Making Women Count: Kudos to APEC

The need for data is indisputable. 

In the area of gender equality and women’s empowerment, data illuminates the extent to which men and women experience their shared environments differently as well as how those differences translate into gaps in economic opportunity, participation, and empowerment. Without numbers to substantiate their respective cases, advocates of gender equality often face skepticism and disbelief when they try to explain how, especially in the economic sphere, women face far more legal, institutional, and cultural constraints than men. The 2015 Hunger Report demonstrates that, in the context of East Asia-Pacific, 81 percent of data is missing on women’s public life, human rights, education, health, and economic participation.

In addition to making the case for reform, data can drive the creation of solutions. The Asia-Pacific Economic Cooperation (APEC) forum has placed increasing emphasis on the use of credible, consistently acquired data to inform all of its policy discussions. Across APEC, data is increasingly used to measure progress and underpin policy discussions, such as through the Ease of Doing Business and Supply Chain Performance initiatives. Likewise, data is required to create a common baseline, focus capacity building efforts, and develop evidence-based policy recommendations in order to advance women's economic participation.

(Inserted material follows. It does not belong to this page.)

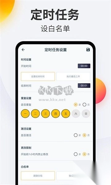 4. 白名单设定:在设备锁定期间,能够进行白名单的设置。一旦设置完成,仅允许使用列入白名单中的软件,这一功能能更有效地辅助学习与日常生活。
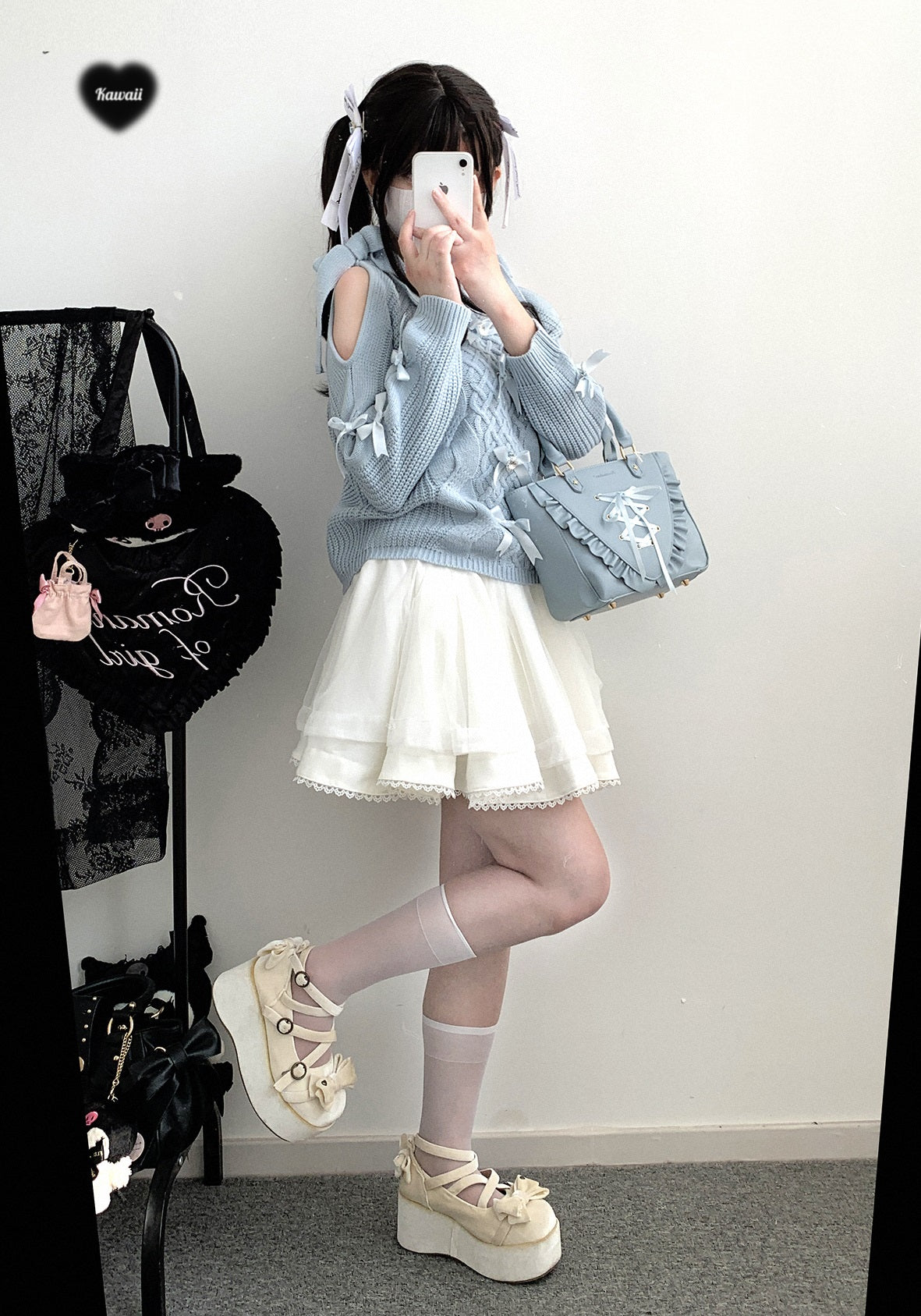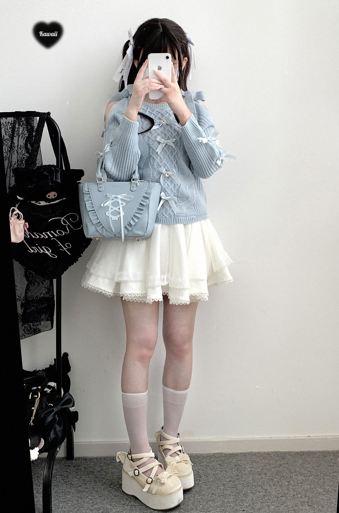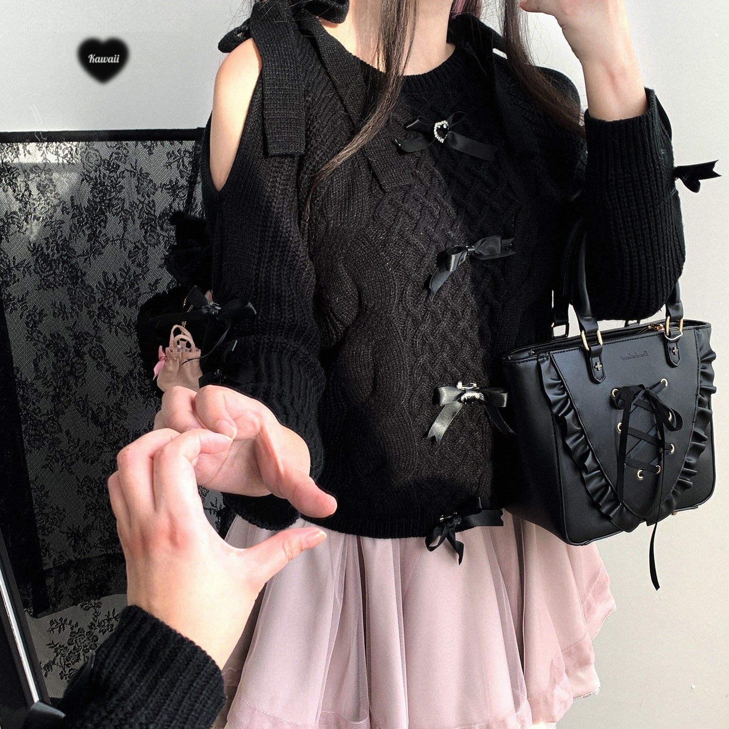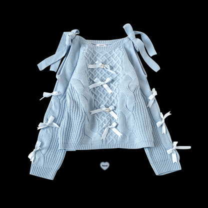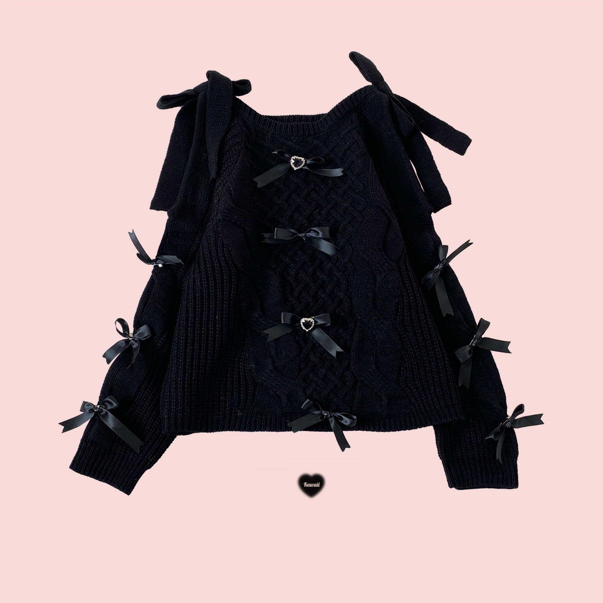 Kitten Bullet Gem Ribbon Bow Pink Blue Black Sweater

More and better data not only strengthens discourse but also leads to more tangible goals and, over time, a sounder means of measuring progress. In 2014, the Leaders of APEC’s 21 member economies specifically recognized “the importance of data to measure progress in reducing barriers to women’s economic participation.” The Leaders welcomed the establishment of the APEC Women and the Economy Dashboard as a tool for informing policy discussions.  

The APEC Women and the Economy Dashboard is a milestone achievement that complements efforts being undertaken in the G-20 on female labor force participation and in the post-2015 sustainable development goals process.

In developing the dashboard, APEC sought out data that could inform a detailed understanding of how women experience their respective environments for business and work across all economies. In the process, APEC confirmed what many gender researchers have long pointed out: that there is a dearth of sex-disaggregated data, particularly in regards to economic activity. This lack of information inhibits the ability to gauge where women stand relative to men and to measure progress toward gender equality and women’s economic empowerment. 

Fortunately, a variety of international institutions, private initiatives, and nongovernmental organizations have launched systems in recent years for tracking the status and progress of women. The Organisation for Economic Co-operation and Development, the World Bank, the World Economic Forum, and the International Labor Organization, among others, collect data that characterizes the general conditions that women face with respect to health, education, and community participation as well as some specifics regarding economic participation and opportunity. Though still encumbered by a great many gaps (requiring the use of generalized data), the range of data available through these sources has enabled APEC to work toward developing a consensus among economies for the establishment of a shared baseline for women’s economic empowerment. 

The 2014 framework includes 75 indicators across the five core areas of focus in APEC: 

  1. Access to capital, including financial inclusion 
  2. Access to trade and labor markets
  3. Skills, capacity building, and health, including policies related to domestic violence and discrimination against women
  4. Leadership, including national identification
  5. Innovation and technology, including access to cell phones and the Internet as well as science, technology, engineering, and math education

Personally, seeing this type of movement in women’s economic empowerment has given me new hope that international institutions and trade bodies will recognize the “value-add” of women’s economic participation. I hope others build on APEC's momentum in order to further reduce barriers to women’s advancement.